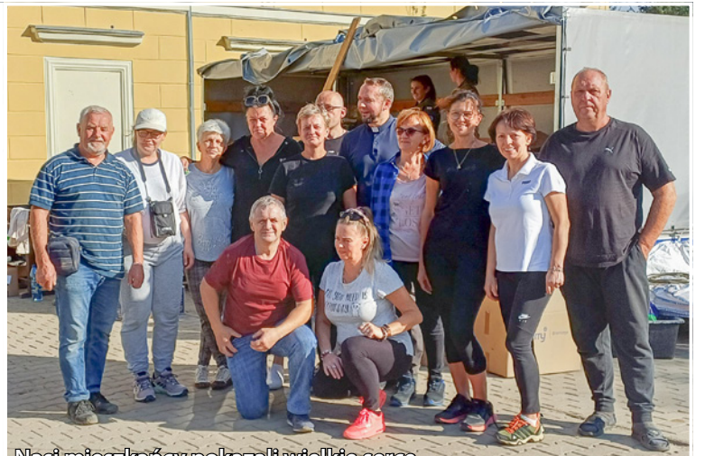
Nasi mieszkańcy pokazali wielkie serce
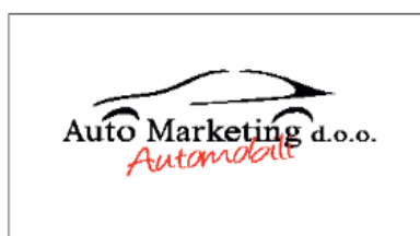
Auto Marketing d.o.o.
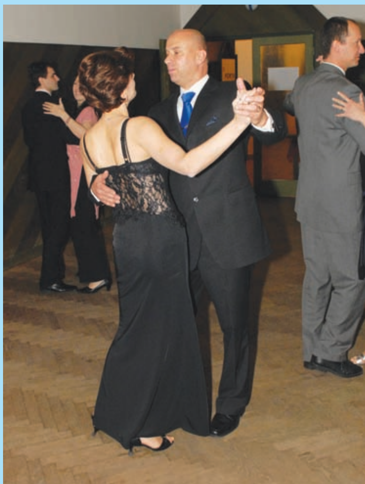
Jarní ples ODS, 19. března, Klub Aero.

ASSIGNMENT → Restate, word for word, all of the material above, leaving out the images.

WRITTEN RESPONSE →
Nasi mieszkańcy pokazali wielkie serce
Auto Marketing d.o.o.
Jarní ples ODS, 19. března, Klub Aero.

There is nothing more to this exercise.